◆ **RECORDS SUPPLIED**:
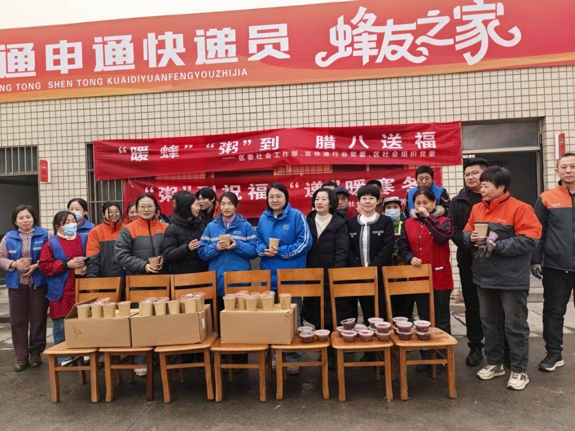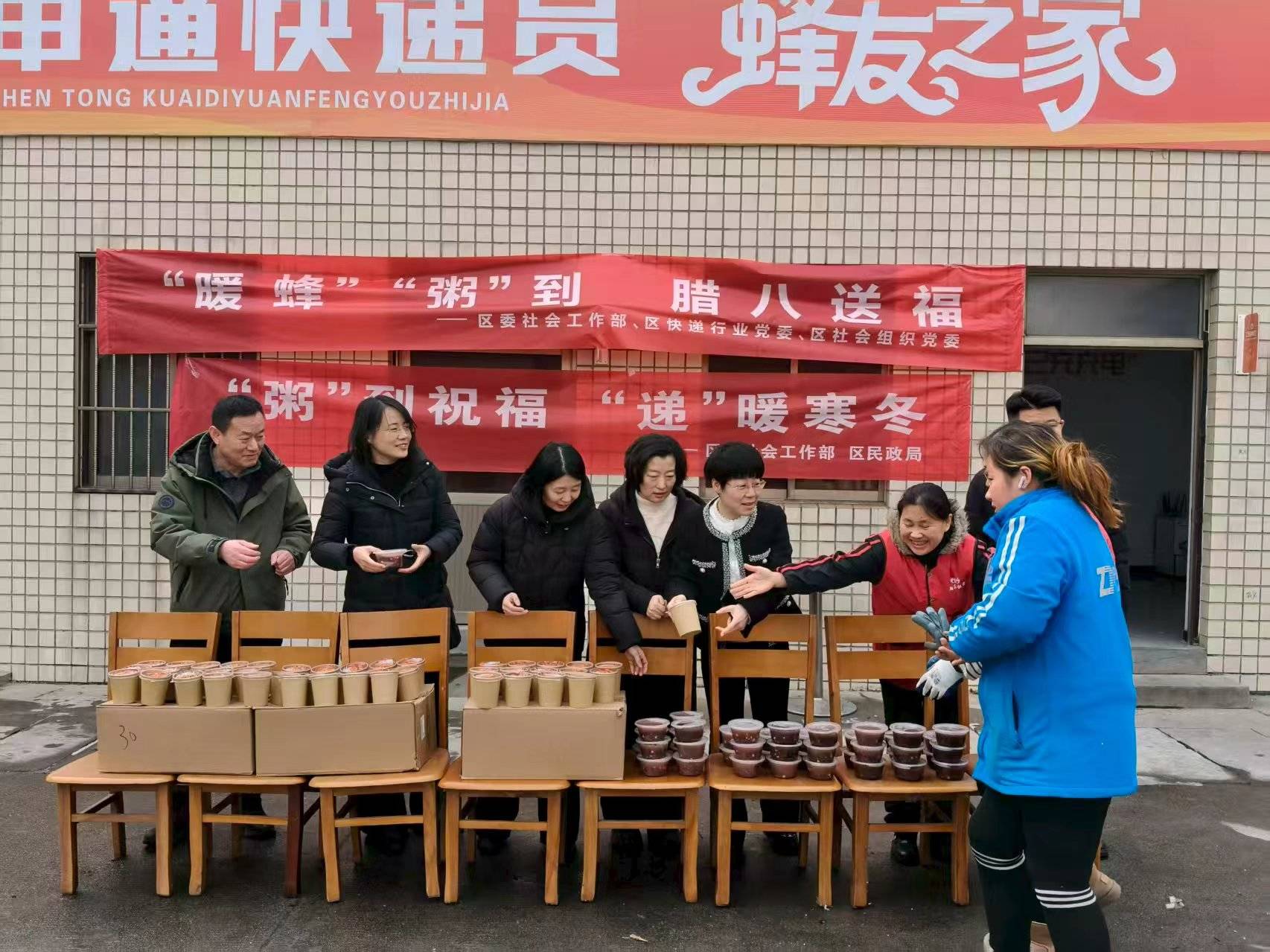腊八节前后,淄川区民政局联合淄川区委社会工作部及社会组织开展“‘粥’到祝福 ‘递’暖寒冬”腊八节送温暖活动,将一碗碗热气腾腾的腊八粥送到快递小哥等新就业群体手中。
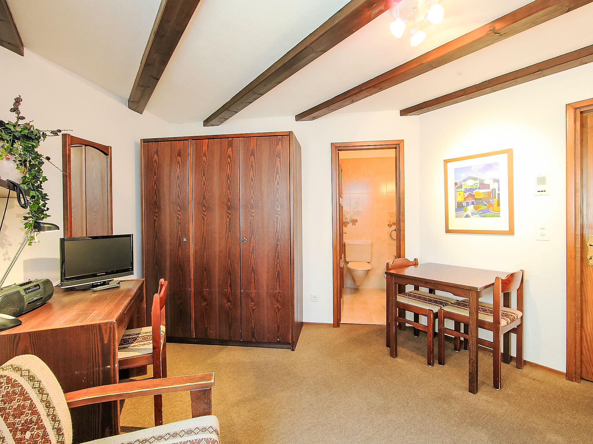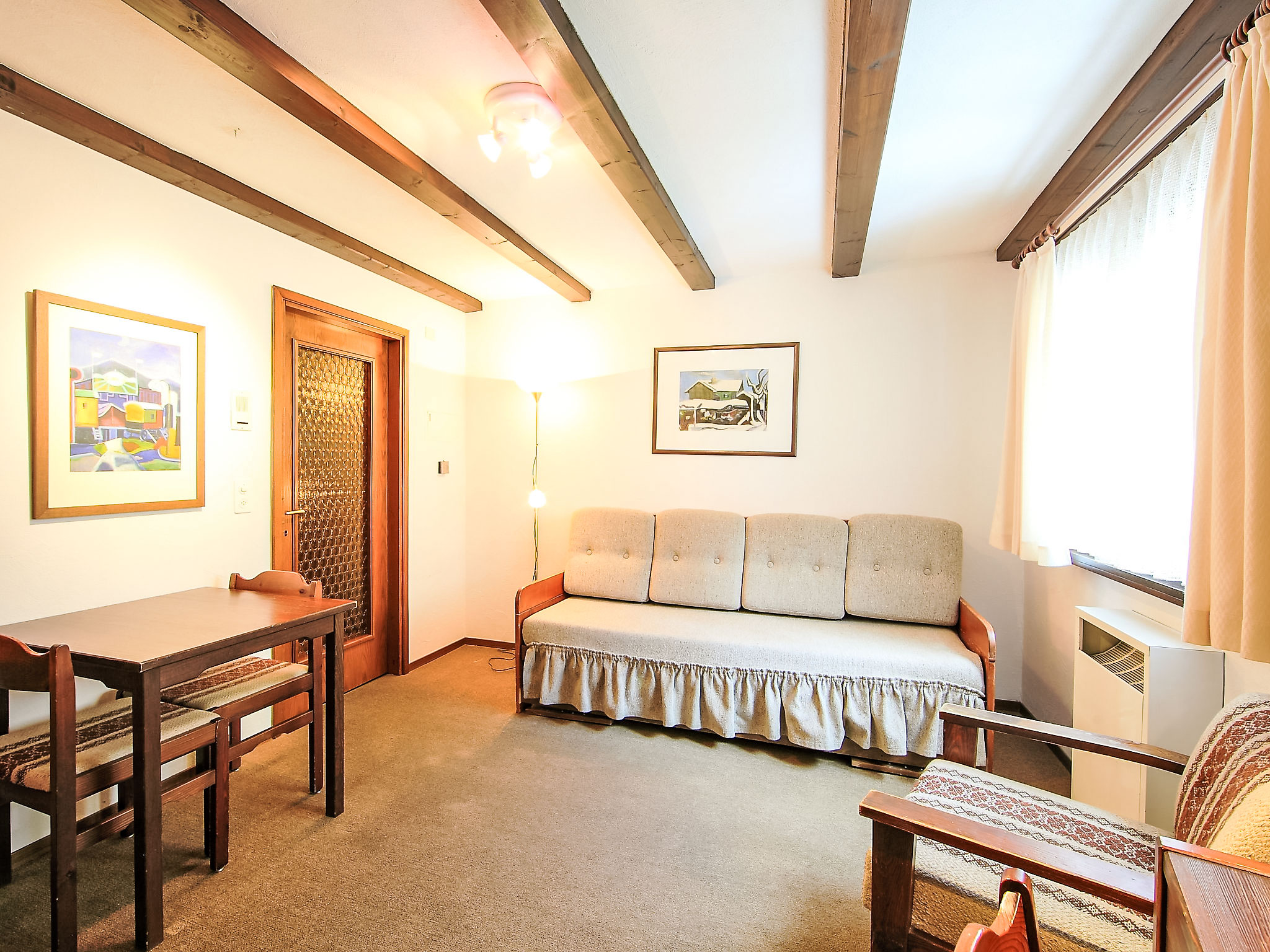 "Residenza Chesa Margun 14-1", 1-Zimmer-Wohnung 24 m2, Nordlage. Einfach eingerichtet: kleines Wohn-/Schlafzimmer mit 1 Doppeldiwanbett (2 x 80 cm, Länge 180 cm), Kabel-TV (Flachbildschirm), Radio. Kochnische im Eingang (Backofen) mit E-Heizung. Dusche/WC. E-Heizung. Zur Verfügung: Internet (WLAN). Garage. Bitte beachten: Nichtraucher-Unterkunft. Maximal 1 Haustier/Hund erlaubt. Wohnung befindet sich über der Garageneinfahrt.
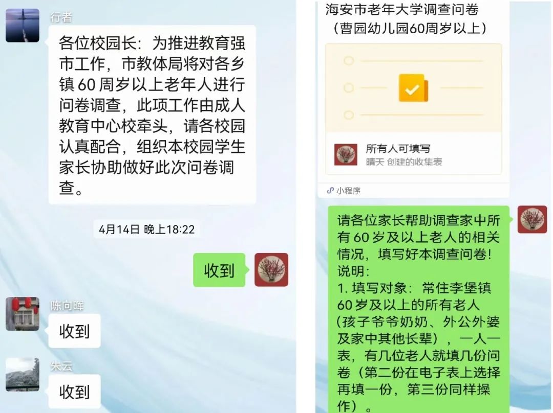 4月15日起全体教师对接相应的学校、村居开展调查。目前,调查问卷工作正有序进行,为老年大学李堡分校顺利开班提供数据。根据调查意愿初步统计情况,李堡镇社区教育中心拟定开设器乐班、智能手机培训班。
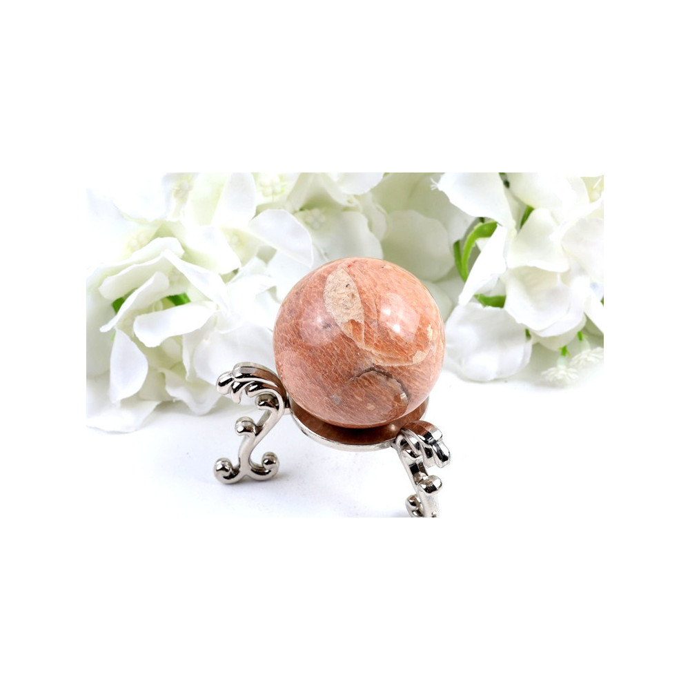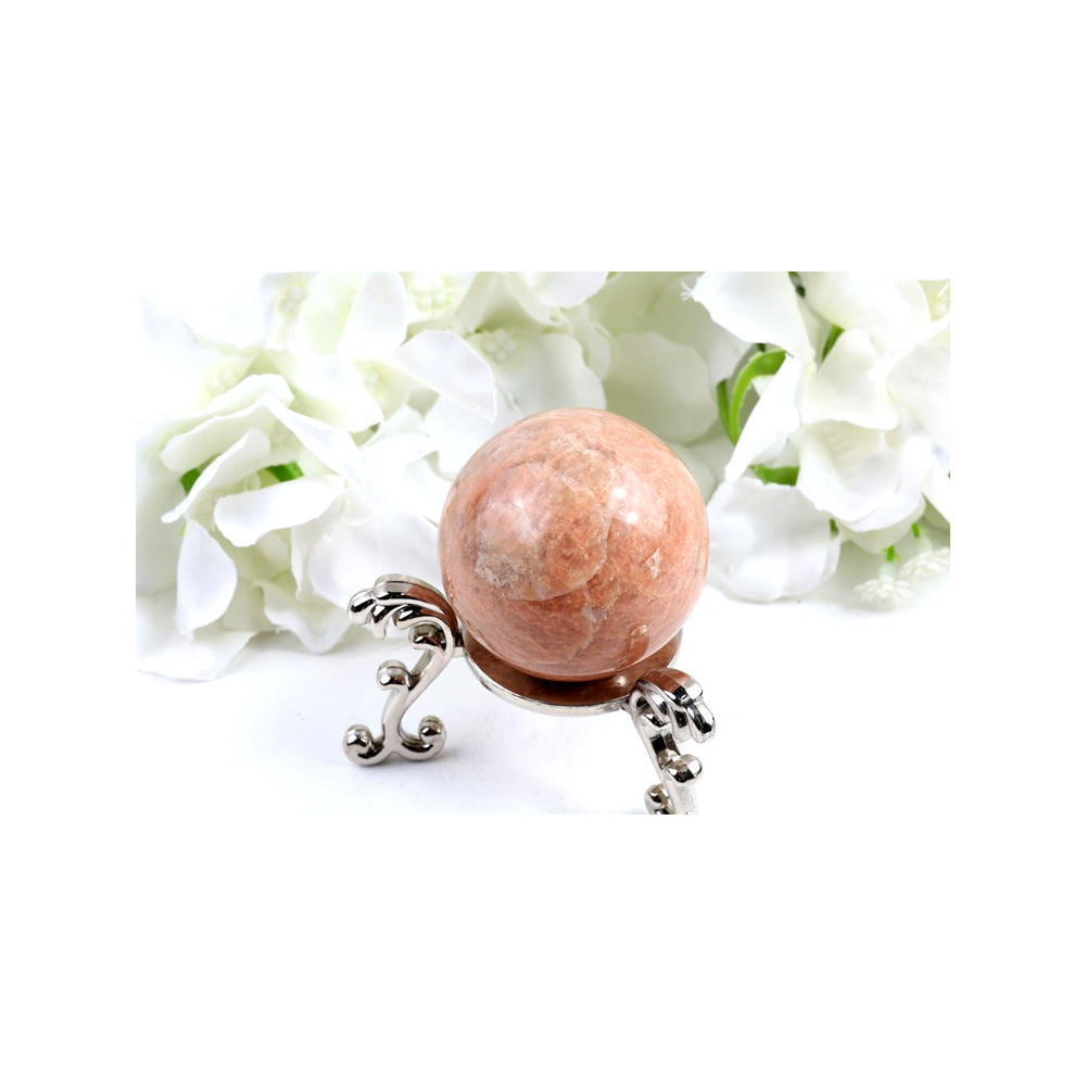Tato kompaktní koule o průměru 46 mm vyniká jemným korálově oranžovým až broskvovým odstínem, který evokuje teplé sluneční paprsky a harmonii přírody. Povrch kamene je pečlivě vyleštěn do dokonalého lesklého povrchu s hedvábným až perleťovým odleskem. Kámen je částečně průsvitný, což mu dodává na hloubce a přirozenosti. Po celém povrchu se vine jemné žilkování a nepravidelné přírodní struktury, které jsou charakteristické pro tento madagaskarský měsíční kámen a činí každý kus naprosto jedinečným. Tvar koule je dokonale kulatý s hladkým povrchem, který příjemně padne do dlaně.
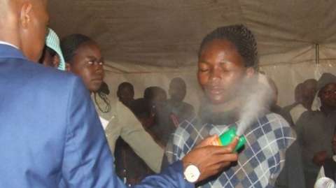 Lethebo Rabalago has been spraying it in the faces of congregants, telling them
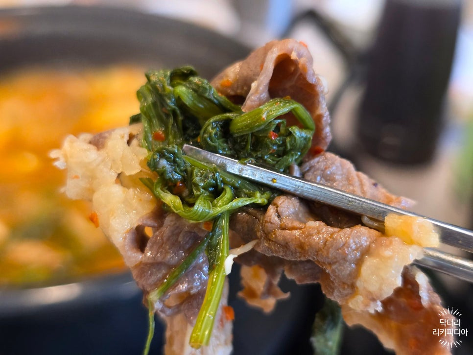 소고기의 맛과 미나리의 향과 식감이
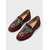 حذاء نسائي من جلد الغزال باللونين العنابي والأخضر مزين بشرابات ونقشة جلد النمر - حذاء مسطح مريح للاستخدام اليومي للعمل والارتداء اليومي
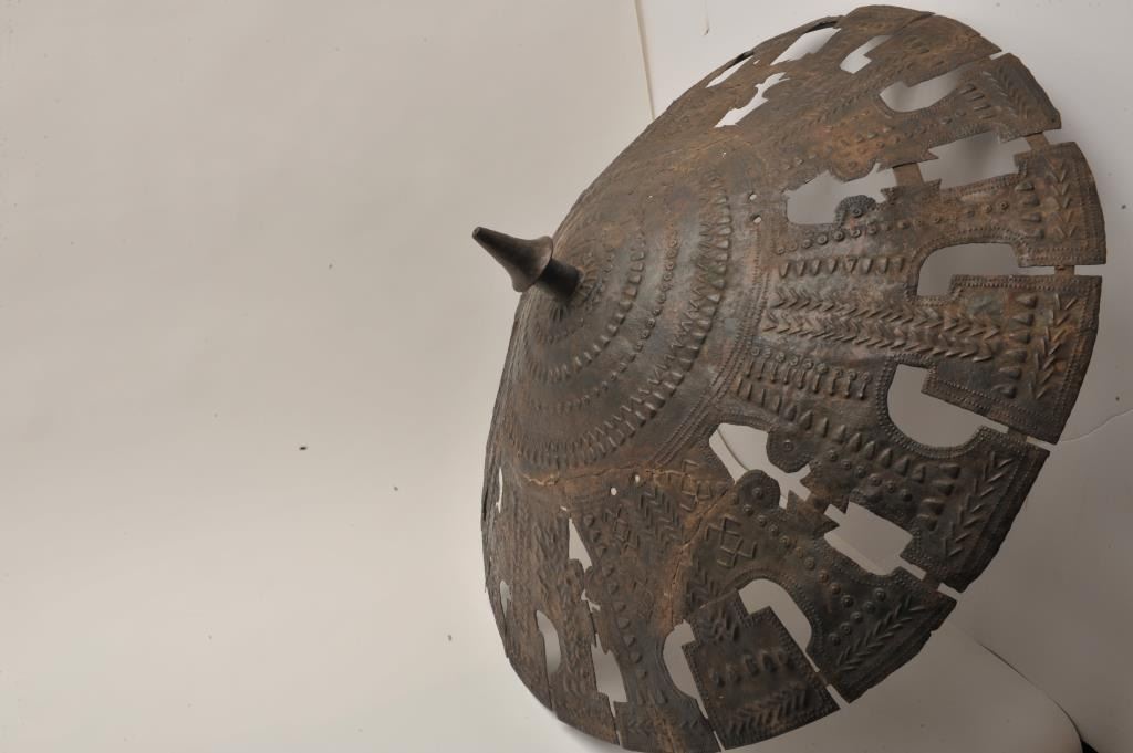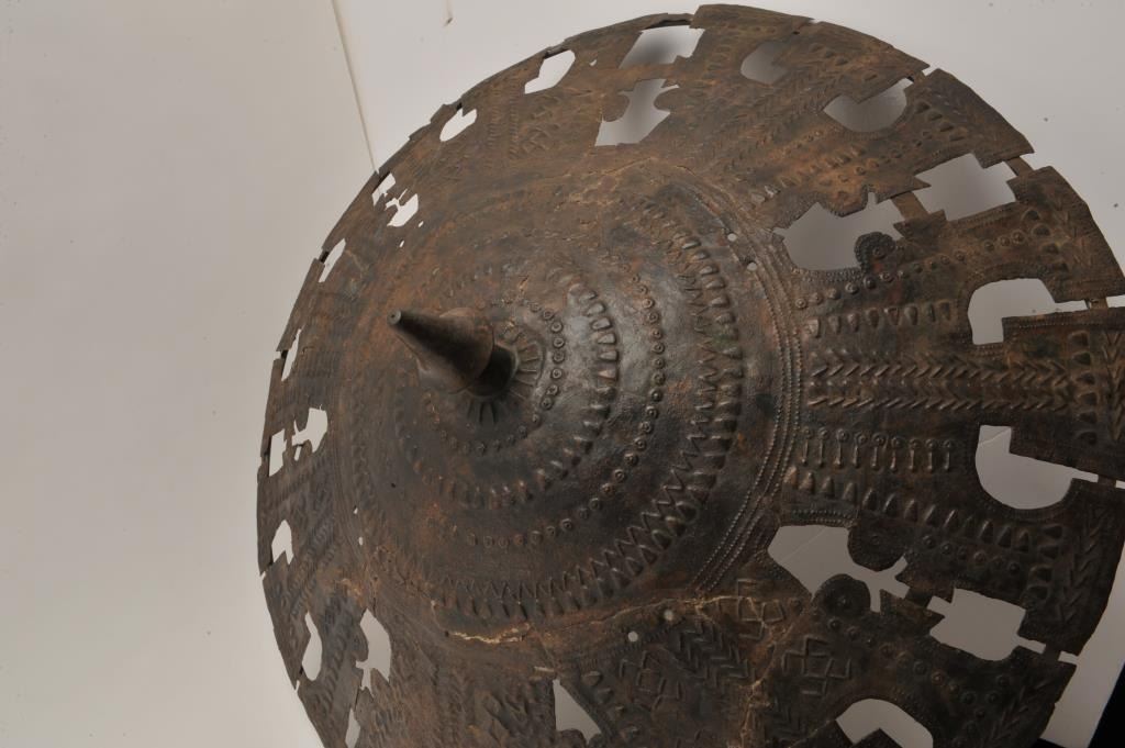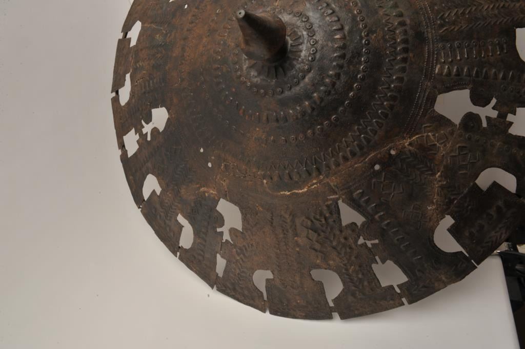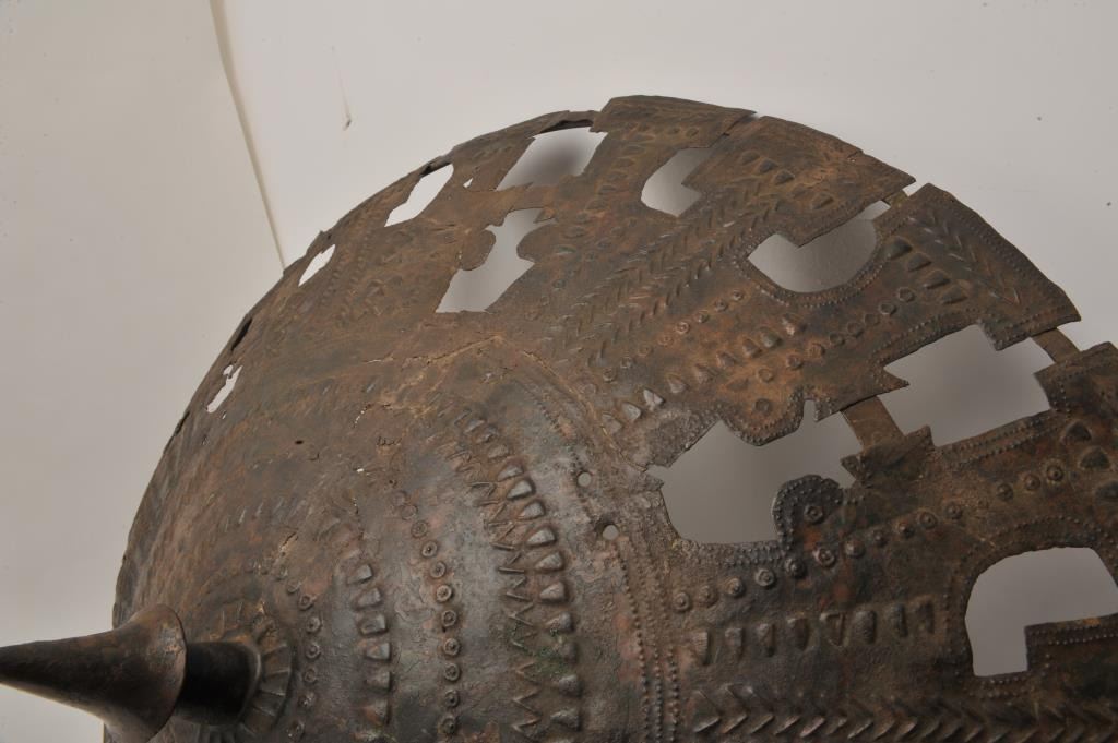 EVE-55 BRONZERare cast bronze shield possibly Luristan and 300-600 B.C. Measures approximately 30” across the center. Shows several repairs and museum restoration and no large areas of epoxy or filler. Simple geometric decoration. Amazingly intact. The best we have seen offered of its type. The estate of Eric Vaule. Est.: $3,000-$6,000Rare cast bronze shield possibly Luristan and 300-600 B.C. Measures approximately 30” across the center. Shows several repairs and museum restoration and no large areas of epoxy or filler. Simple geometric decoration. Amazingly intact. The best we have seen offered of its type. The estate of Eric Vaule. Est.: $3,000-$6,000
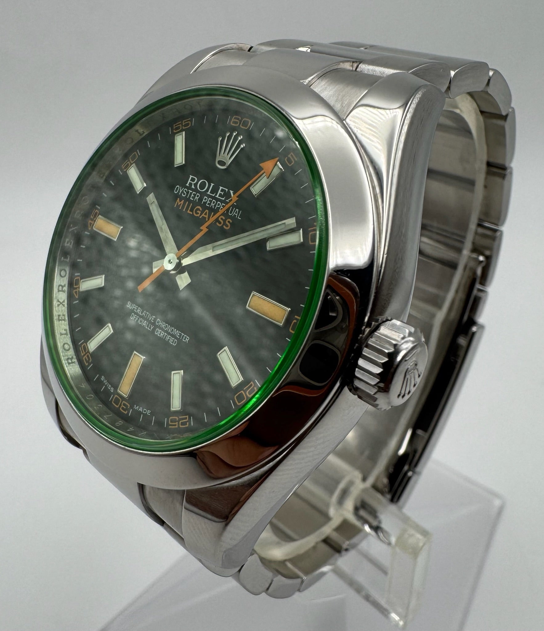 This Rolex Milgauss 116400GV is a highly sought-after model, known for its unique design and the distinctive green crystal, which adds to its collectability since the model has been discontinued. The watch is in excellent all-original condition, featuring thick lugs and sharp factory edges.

◆ **EXERCISE BRIEF**: Pictures excluded, repeat exactly the lines from the top of the material through the line with "حذاء نسائي من", including both of those lines.

◆ **RESULT FOR THIS EXERCISE**:
腊八节前后,淄川区民政局联合淄川区委社会工作部及社会组织开展“‘粥’到祝福 ‘递’暖寒冬”腊八节送温暖活动,将一碗碗热气腾腾的腊八粥送到快递小哥等新就业群体手中。
 "Residenza Chesa Margun 14-1", 1-Zimmer-Wohnung 24 m2, Nordlage. Einfach eingerichtet: kleines Wohn-/Schlafzimmer mit 1 Doppeldiwanbett (2 x 80 cm, Länge 180 cm), Kabel-TV (Flachbildschirm), Radio. Kochnische im Eingang (Backofen) mit E-Heizung. Dusche/WC. E-Heizung. Zur Verfügung: Internet (WLAN). Garage. Bitte beachten: Nichtraucher-Unterkunft. Maximal 1 Haustier/Hund erlaubt. Wohnung befindet sich über der Garageneinfahrt.
 4月15日起全体教师对接相应的学校、村居开展调查。目前,调查问卷工作正有序进行,为老年大学李堡分校顺利开班提供数据。根据调查意愿初步统计情况,李堡镇社区教育中心拟定开设器乐班、智能手机培训班。
Tato kompaktní koule o průměru 46 mm vyniká jemným korálově oranžovým až broskvovým odstínem, který evokuje teplé sluneční paprsky a harmonii přírody. Povrch kamene je pečlivě vyleštěn do dokonalého lesklého povrchu s hedvábným až perleťovým odleskem. Kámen je částečně průsvitný, což mu dodává na hloubce a přirozenosti. Po celém povrchu se vine jemné žilkování a nepravidelné přírodní struktury, které jsou charakteristické pro tento madagaskarský měsíční kámen a činí každý kus naprosto jedinečným. Tvar koule je dokonale kulatý s hladkým povrchem, který příjemně padne do dlaně.
 Lethebo Rabalago has been spraying it in the faces of congregants, telling them
 소고기의 맛과 미나리의 향과 식감이
 حذاء نسائي من جلد الغزال باللونين العنابي والأخضر مزين بشرابات ونقشة جلد النمر - حذاء مسطح مريح للاستخدام اليومي للعمل والارتداء اليومي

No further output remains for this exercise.